За выброшенной в окно картой следуют обувь, мусорный мешок, сумки, фрукты, спицы для вязания, блестящая пряжа. Все падает и пропадает в неведомой бездне.

 

 

К вечеру они уже смеялись как обычно, сидели рядом за столом и, подмигивая друг другу, говорили, что, конечно, они всегда были вместе, так долго, что и не сосчитать.

— Вот как долго, — пояснил папа и широко развел руки.

Мама поглаживала его ногу своей ногой. Все выше и выше. Каких-то откровенных рассказов о том, что на самом деле они пережили здесь вместе или каждый сам по себе, мы так никогда и не услышали. Звучали только полуправдивые истории, намеки, воспоминания… Время ушло, и воссоздавать его во всех подробностях родители не собирались. Дела давно минувших дней, они отражались в настоящем и превращали нас с сестрой в зрителей бесконечного театрализованного представления. Мы были его заложниками. Закрывая глаза, видели папу с мамой на освещенной сцене. Они играли спектакль. Так могут только родители. И я ненавидела это.

 

 

Окружают этот спектакль декорации — горы, обрывы и змеящаяся где-то на краю дорога. Чувство падения… В любой момент все может закончиться, рухнуть в тартарары, а самые страшные тайны выйдут на свет. В том числе и трагические детские воспоминания, благодаря которым познается суть одиночества.
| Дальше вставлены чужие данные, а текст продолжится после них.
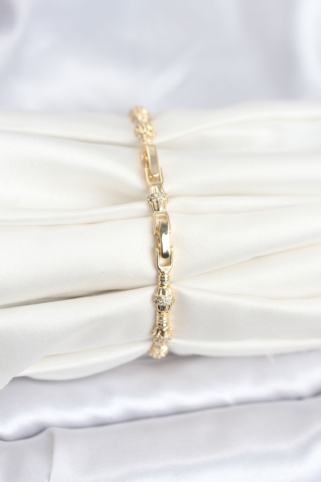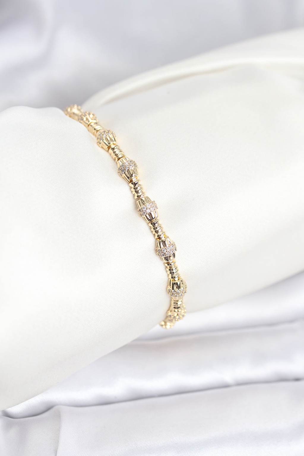 Pirinç Gold Renk VIP Seri Punta Model Zirkon Taşlı Kadın Bileklik - Lisinya
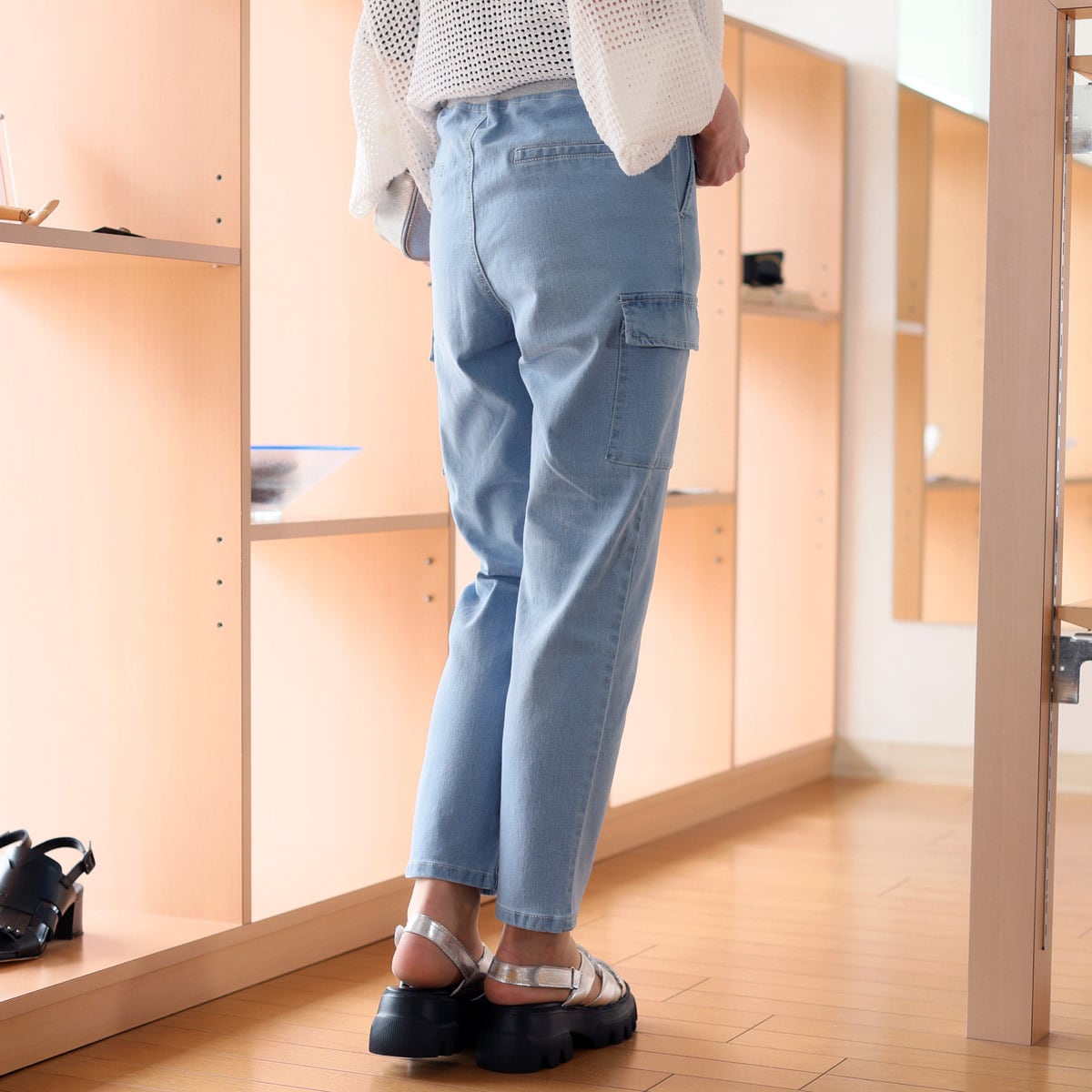 Priority (プライオリティ) ストレッチデニム リラックステーパード リブウエストカーゴパンツ
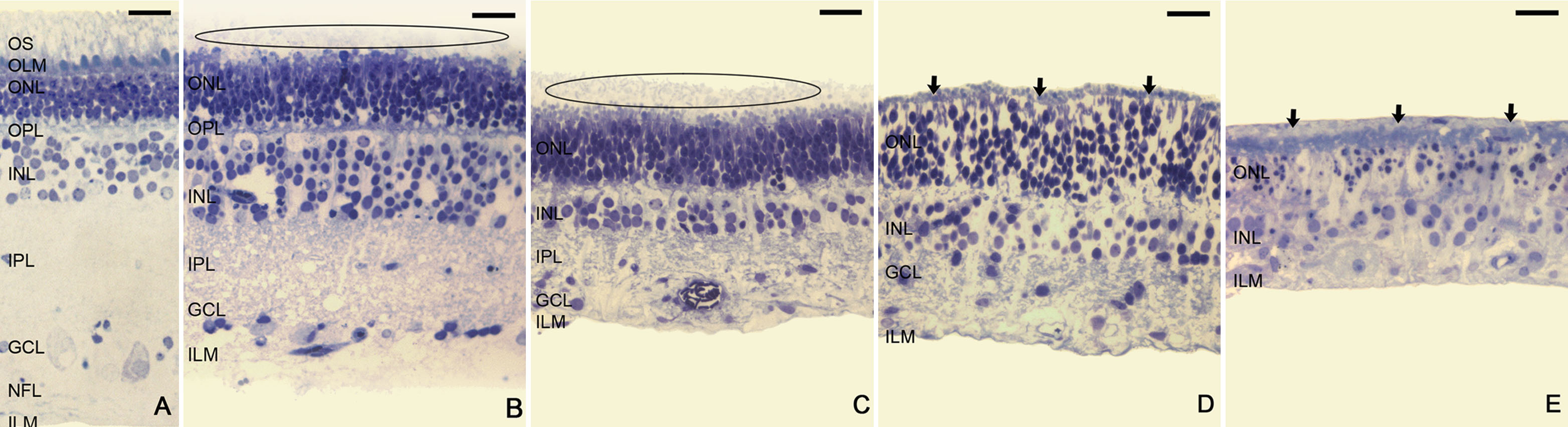 nuclear layer (INL) was apparent. The outer nuclear layer (ONL) showed
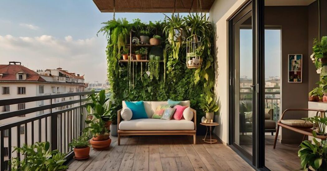 One of the most attractive parts of this balcony is the use of plants as a major design element. The vertical green wall, hanging planters, and potted plants bring life into the space and make it feel fresh and calming. This kind of natural styling is perfect for people who want to give their home interior a warm and eco-friendly touch.
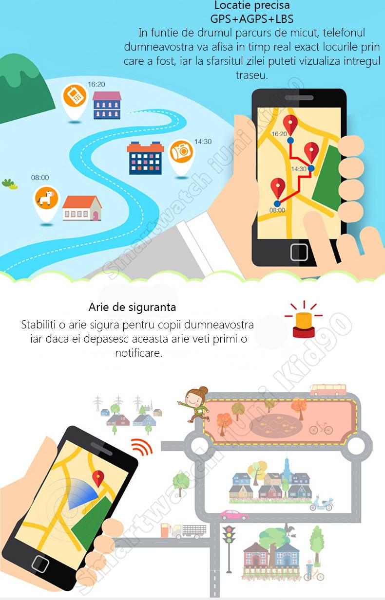 Ceas Smartwatch copii cu GPS umeline Q90, Touchscreen, Telefon incorporat, Buton SOS, Portocaliu
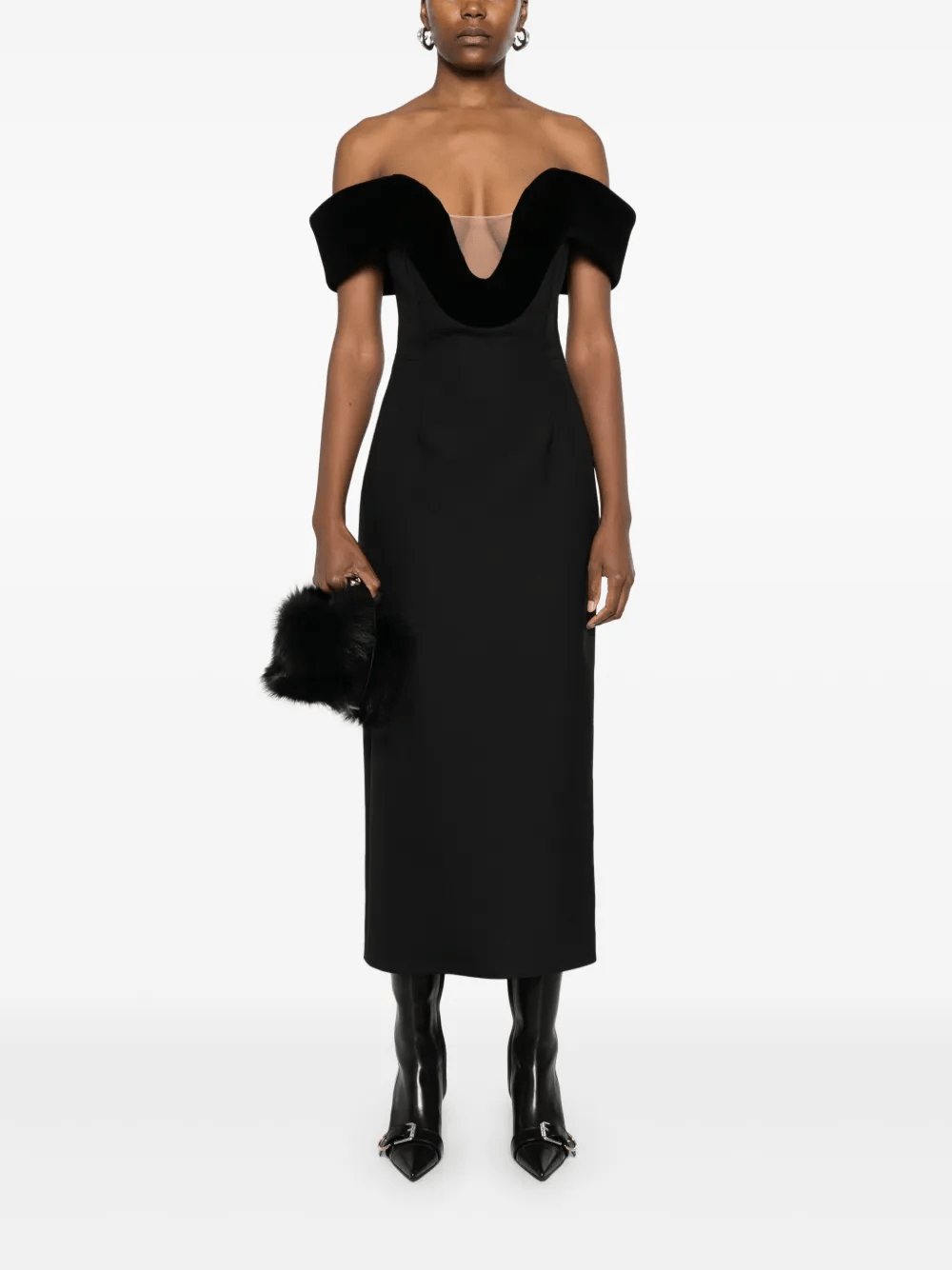 Made in the UK with tailoring wool, this midi dress is decadently structured and features a velvet wave design off-the-shoulder neckline with a tulle insert at the bust. It fastens with a zip closure at the back.
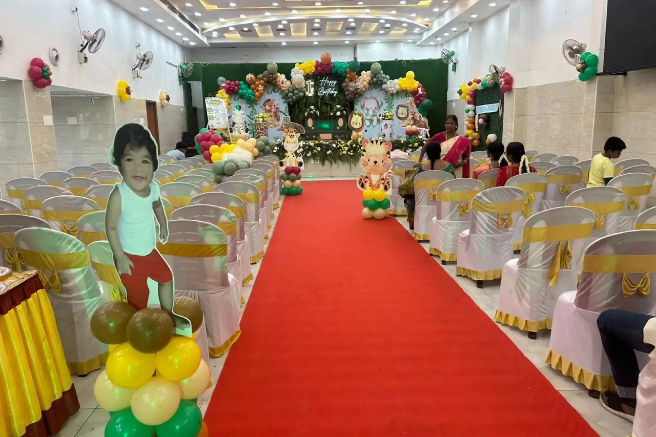 Akshara Mahaall is the perfect venue for weddings and special occasions, comfortably accommodating over 300 guest with floating crowd of 600 guests. Featuring a spacious and elegant layout, it offers customizable seating arrangements to suit your event’s theme and needs. The hall is equipped with modern amenities, combining comfort and style to create a memorable experience for every guest. Known for its professional staff and meticulous attention to detail, Akshara Mahaall ensures flawless event execution. Conveniently located with ample parking, it offers easy access for guests. The elegant ambiance and exceptional service make Akshara Mahaall a top choice for unforgettable celebrations.
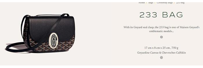 233 가방은 고야드의 상징적인 모델 중 하나이다.
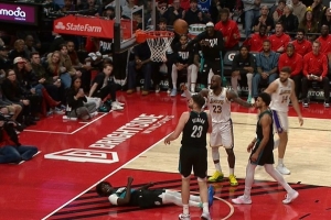 冲劲十足!詹姆斯强攻造成夏普犯规 开拓者挑战也失败了
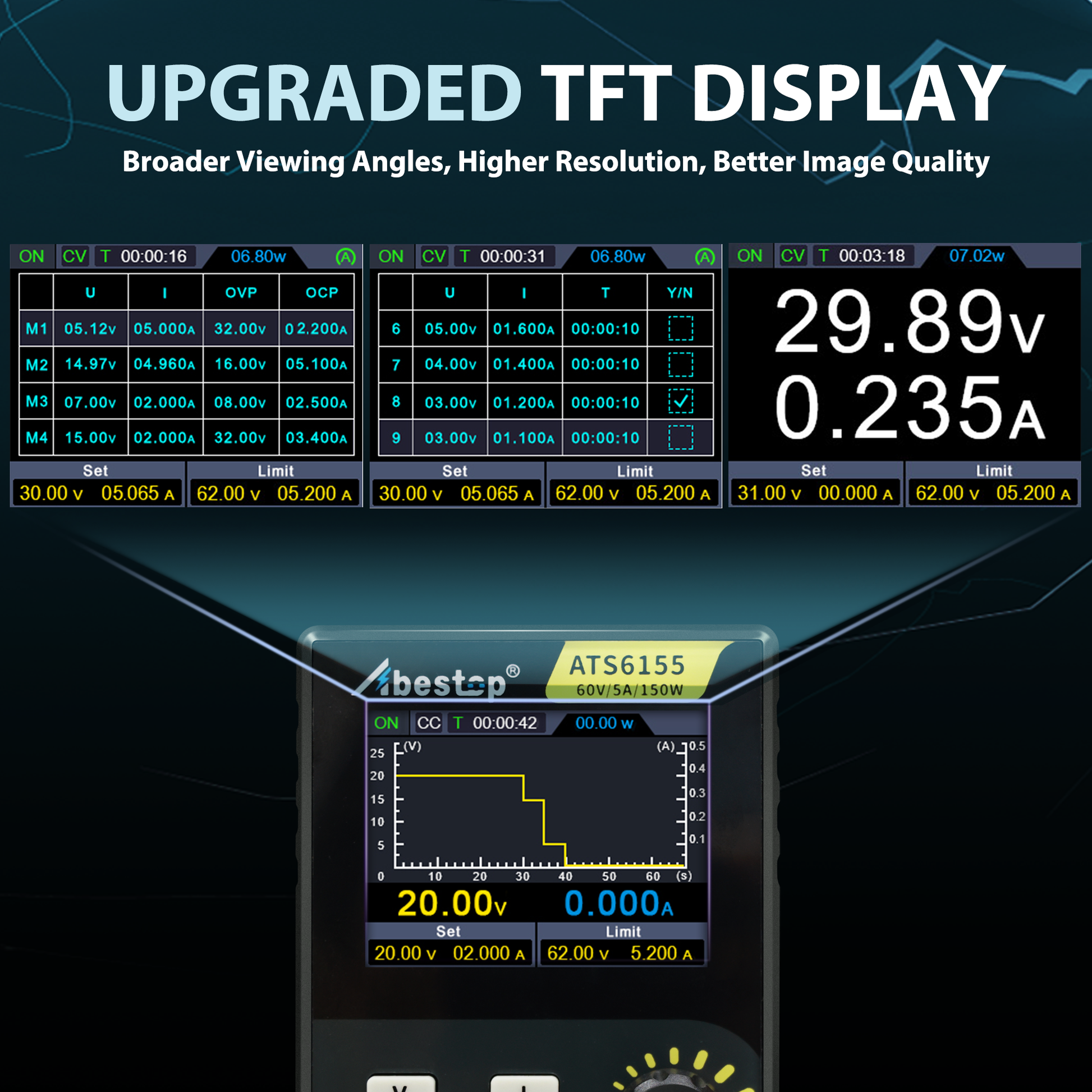 - Parameter: ATS6155 dc power supply with 60V/5A output range, 150W output power, 10mV/1mA output solutions, 85V-265V AC(45-65HZ) INPUT VOLTAGE, Fuse 250V/5A; Support list waveform editing and output, 4 groups of memory shortcut parameters for quick output

Несмотря на то что человек живет рядом с близкими, в своей семье, он навечно обречен стоять за кулисами и так никогда и не выйдет на сцену.

В каждой семье есть свои скрытые драмы.

В свете прожекторов происходит таинственный и чуть мечтательный спектакль. Со временем несколько ламп могут потухнуть или слой пыли ляжет на костюмы и грим актеров, но представление никогда не заканчивается. Оно — вечное.

 

 

Бирюзовое вязанье моей сестры осталось лежать на полу. Его все глубже и глубже затаптывают в песок, пыль и мусор. Пятна все равно уже никогда не вывести.

 

 

У Астрид сейчас двое детей — мальчик и девочка. У обоих рыжие волосы, но у мальчика они ярче. У него много веснушек на плечах, щеках, на пухлых руках. Он никогда не узнает, от кого их унаследовал. Будет думать, что это наследство мамы и бабушки. Время бежит очень быстро. Его бабушка, моя мама, находится уже на большом временном расстоянии от своей мамы, моей бабушки Ингрид, чьи дивные веснушки и достались мальчику. Эти двое никогда не встретятся, у них нет ничего общего, и он никогда не будет скучать по Ингрид, ведь о ней он ничего не знает. Даже если я все расскажу племяннику, он все равно не поймет. Не существует языка, который в полной мере может описать эту историю, мальчик не говорит по-шведски и никогда не увидит Удден.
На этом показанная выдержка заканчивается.